▸ Task inputs

——

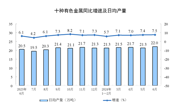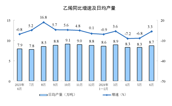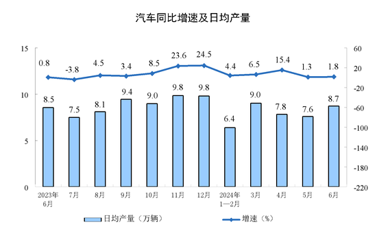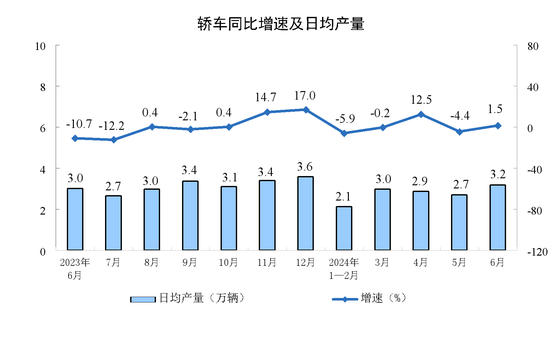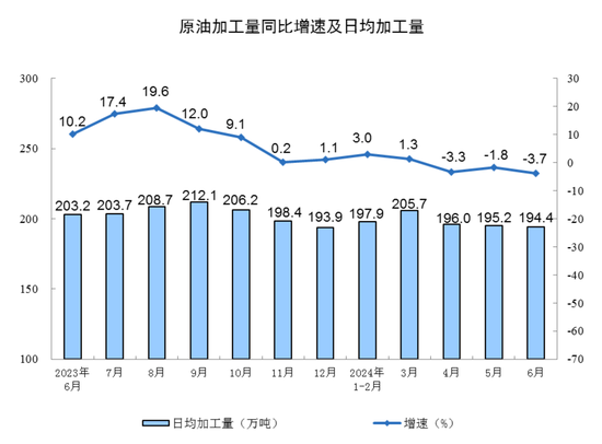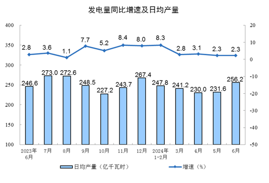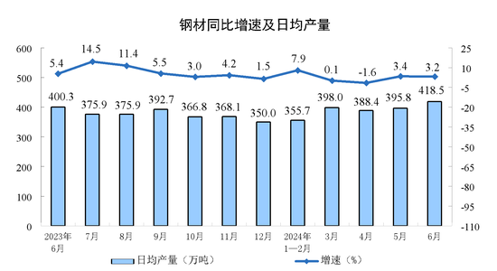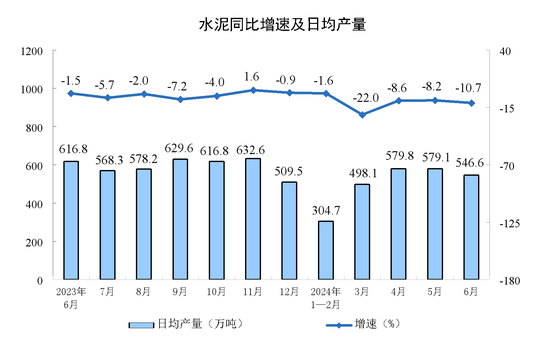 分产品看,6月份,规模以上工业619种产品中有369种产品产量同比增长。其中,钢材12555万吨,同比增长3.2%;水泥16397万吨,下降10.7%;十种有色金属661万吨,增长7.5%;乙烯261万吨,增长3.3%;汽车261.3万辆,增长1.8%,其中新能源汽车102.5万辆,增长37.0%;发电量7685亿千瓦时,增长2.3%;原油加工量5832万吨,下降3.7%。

——

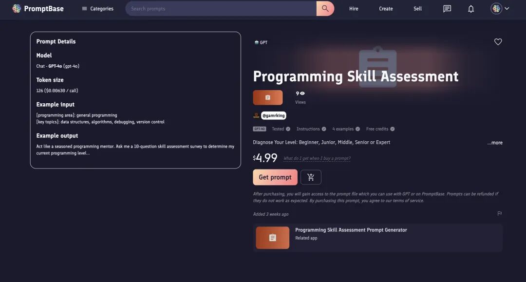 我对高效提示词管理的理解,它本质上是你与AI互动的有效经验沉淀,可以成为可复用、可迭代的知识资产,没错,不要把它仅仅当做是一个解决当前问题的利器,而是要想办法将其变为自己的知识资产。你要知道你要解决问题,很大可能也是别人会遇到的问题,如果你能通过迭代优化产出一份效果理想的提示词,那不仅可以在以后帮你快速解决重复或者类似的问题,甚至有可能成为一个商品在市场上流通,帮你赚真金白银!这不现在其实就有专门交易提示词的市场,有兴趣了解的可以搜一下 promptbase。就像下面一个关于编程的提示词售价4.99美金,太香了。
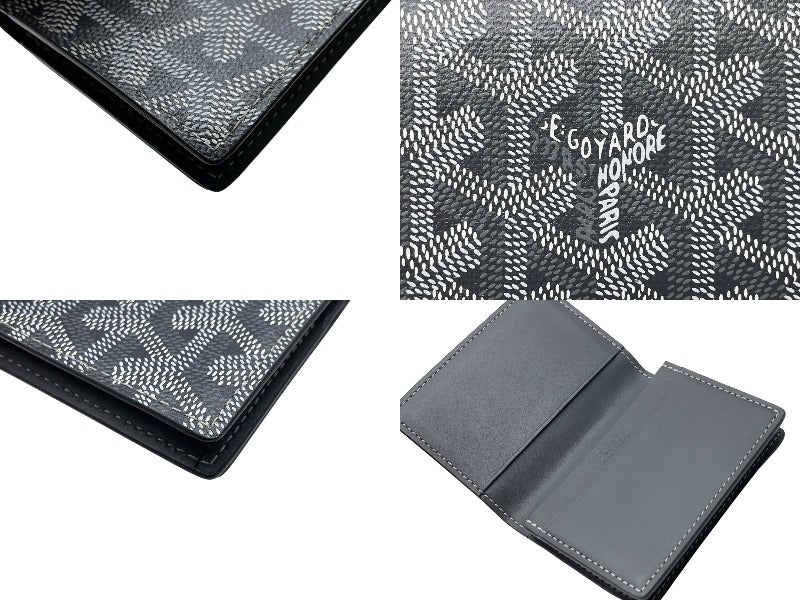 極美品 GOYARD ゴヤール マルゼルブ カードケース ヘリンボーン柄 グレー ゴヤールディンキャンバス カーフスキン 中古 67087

——

▸ Exercise directions
In the listing above, find the line containing "我对高效提示词管理的理解,它". Output it and every line after it up to and including the line containing "極美品 GOYARD ゴヤール", exactly, but skip the pictures.

▸ Result of this task
 我对高效提示词管理的理解,它本质上是你与AI互动的有效经验沉淀,可以成为可复用、可迭代的知识资产,没错,不要把它仅仅当做是一个解决当前问题的利器,而是要想办法将其变为自己的知识资产。你要知道你要解决问题,很大可能也是别人会遇到的问题,如果你能通过迭代优化产出一份效果理想的提示词,那不仅可以在以后帮你快速解决重复或者类似的问题,甚至有可能成为一个商品在市场上流通,帮你赚真金白银!这不现在其实就有专门交易提示词的市场,有兴趣了解的可以搜一下 promptbase。就像下面一个关于编程的提示词售价4.99美金,太香了。
 極美品 GOYARD ゴヤール マルゼルブ カードケース ヘリンボーン柄 グレー ゴヤールディンキャンバス カーフスキン 中古 67087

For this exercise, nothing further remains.